*Description of the task*:
Beginning at the line that holds "Хорошее качество, в", transcribe each line exactly through the end of the records, and leave any pictures out.

── Data for this exercise

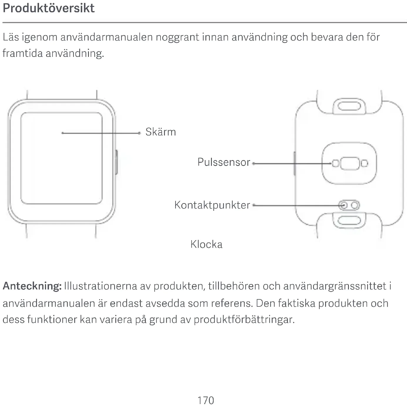 - Den här klockan är inte en medicinsk enhet. Data och information som enheten tillhandahåller bör inte användas för diagnos, behandling eller förebyggande av sjukdomar.
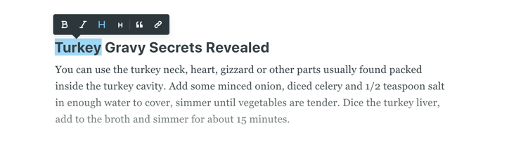 Writing simple content is a breeze - but there are tons of powerful shortcuts, too. For those of you who are familiar with writing blog content, you can write plaintext, activating formatting options using either the mouse or keyboard shortcuts. But you can also write in Markdown, if you prefer, and the editor will convert it as you type - rendering an instant preview.
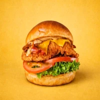 Pollo apanado, lechuga, tomate, queso cheddar, tocino y salsa thousand island.
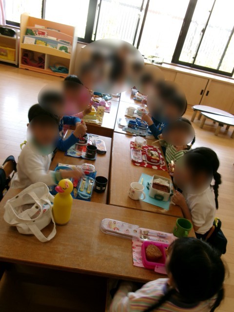 今日から新入園児の子どもたちもお弁当が始まりました。いっぱい遊んだ後のお弁当で、もりもり嬉しそうに食べていました。
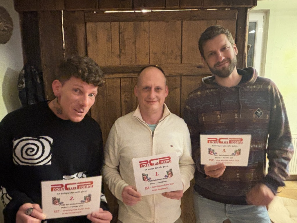 Mit drei Karten zu Beginn, wobei man eine Karte nach dem Flop ablegen muss, wird es tatsächlich schwer zu entscheiden. War erst noch das Königs-Pärchen die beste Hand, kann urplötzlich der Draw auf Flush, Fullhouse etc. die bessere Wahl sein. Wie verrückt diese Pokervariante ist, musste der erste unserer fünf Gäste am eigenen Leib spüren. Moritz Hackls Tag endete nach 20 Minuten auf Platz 22. Klaus Schabernack, unser frisch gebackener Kassier-Stellvertreter, war zum ersten Mal (mit Ausbilder Robert Purgay) als Turnierverantwortlicher tätig. Er schied leider bereits nach einer Stunde auf Platz 21 aus, aber seinen Job als einer der beiden Turnierleiter machte er hervorragend! Für Manfred Vipauz (20), Gast Franz Herberstein (19) und Gerald Huber (18) endete das Turnier ebenso schnell.
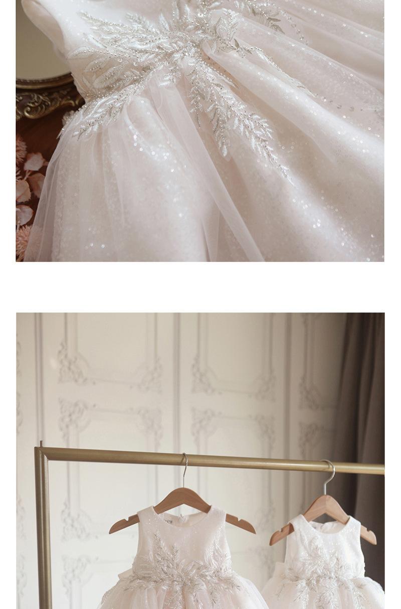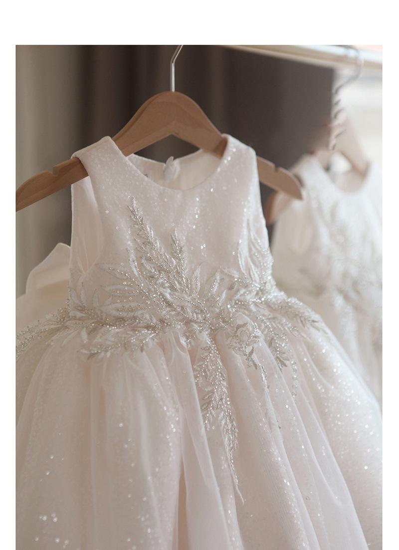 Vestido de un año Niña Vestido de niña Vestido de princesa esponjoso Blanco Moderno Cumpleaños Dama de flores Vestido de niña pequeña
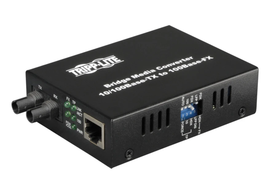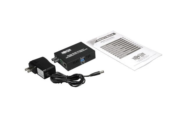 Tripp Lite’s N784-001-ST, 10/100 Media Converter, is an economical way to extend the distance (up to 2Km) of network nodes by converting Cat5/6 UTP cables to Fiber Optic. The Media Converter features automatic MDI/MDI-X configuration, and the UTP port senses the network speed automatically as well. Dip switches allow half or full duplex operation on the fiber port. Power supplied by either AC-DC adapter, or USB connection (switch selectable).
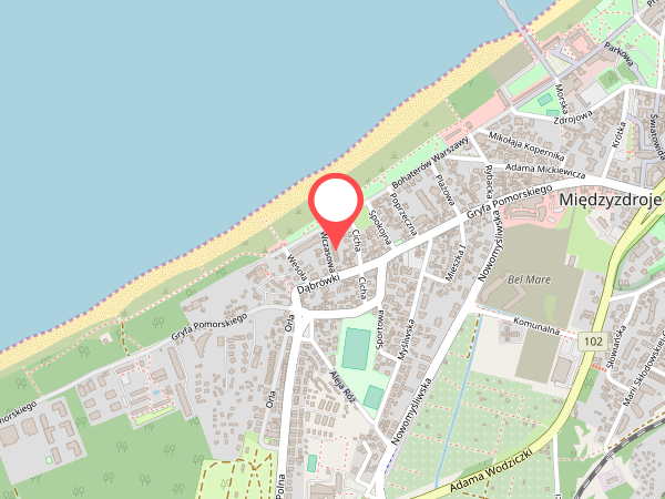 Nasz obiekt oddalony jest tylko 70 metrów od dwóch zejść na plaże. Plaża przy naszym obiekcie jest szersza niż przy molo i mniej oblegana .W okolicy dwie stołówki, liczne bary, sklepy spożywcze w odległości około 150 m ( sklep ABC i żabka). Do centrum miasta około 300 m. W bliskiej odległości las, plac zabaw dla dzieci oraz przystanek autobusowy linii Międzyzdroje - Świnoujście.
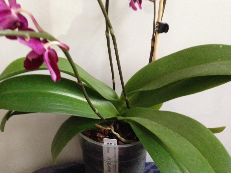 Хорошее качество, в горшке большое растение и то ли детка, то ли 2й фаленопсис поменьше. Нижние листья в светлых пятнах, будто что-то с питанием было не то. Но пара больших верхних уже в порядке. 2 цветоноса, один коротенький с завядшим цветком и второй длиной сантиметров 50 и 4-мя остатками от цветов на кончике. Чуть позже пересажу, т.к. он сидит в горшочке такой формы, что после полива на дне остаётся вода. Для моих комнатных условий это не то, что нужно.
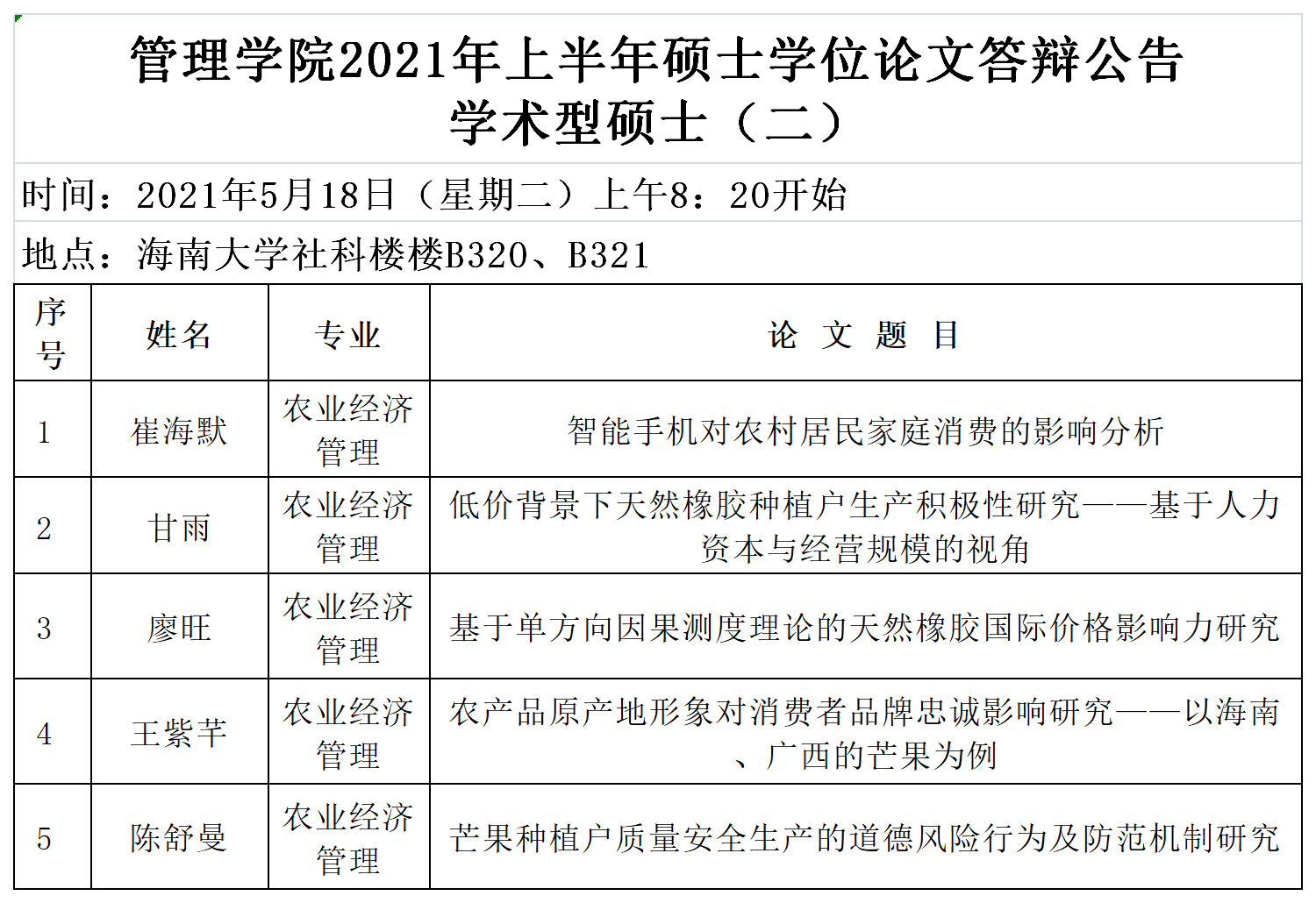 管理公司2021年上半年硕士学位论文答辩公告—学术型硕士(二)
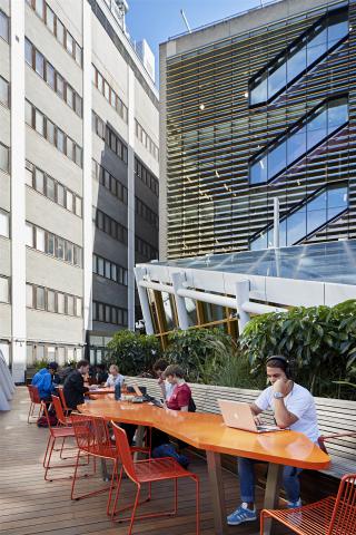 戶外露臺和花園與改造過的圖書館自然地銜接在一起,確保新學術(shù)街項目總體上比以前多了40%的學生空間。
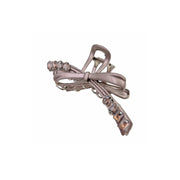 The Shattered Light Hair Claw captures the quiet brilliance of morning light fractured across cool metal. Designed with a silhouette that subtly echoes a slanted bow, this piece blends architectural form with understated femininity.
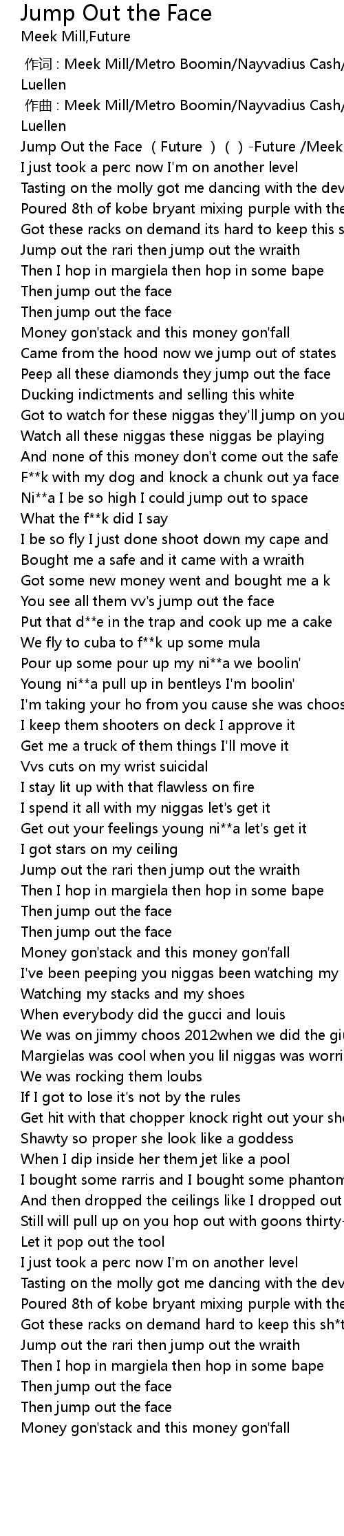 | [00:00.00] | Jump Out the Face (Future )()-Future /Meek Mill |
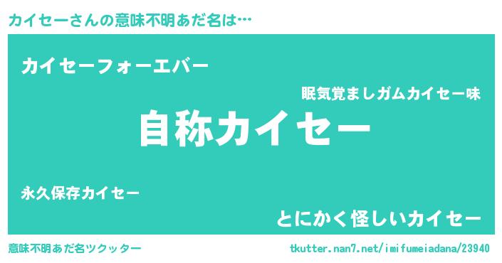 | ファンタジー風あだ名 | 『ゼカイトゥ』『エターナルカイセーー』 |

────

*Answer to this exercise*:
 Хорошее качество, в горшке большое растение и то ли детка, то ли 2й фаленопсис поменьше. Нижние листья в светлых пятнах, будто что-то с питанием было не то. Но пара больших верхних уже в порядке. 2 цветоноса, один коротенький с завядшим цветком и второй длиной сантиметров 50 и 4-мя остатками от цветов на кончике. Чуть позже пересажу, т.к. он сидит в горшочке такой формы, что после полива на дне остаётся вода. Для моих комнатных условий это не то, что нужно.
 管理公司2021年上半年硕士学位论文答辩公告—学术型硕士(二)
 戶外露臺和花園與改造過的圖書館自然地銜接在一起,確保新學術(shù)街項目總體上比以前多了40%的學生空間。
 The Shattered Light Hair Claw captures the quiet brilliance of morning light fractured across cool metal. Designed with a silhouette that subtly echoes a slanted bow, this piece blends architectural form with understated femininity.
 | [00:00.00] | Jump Out the Face (Future )()-Future /Meek Mill |
 | ファンタジー風あだ名 | 『ゼカイトゥ』『エターナルカイセーー』 |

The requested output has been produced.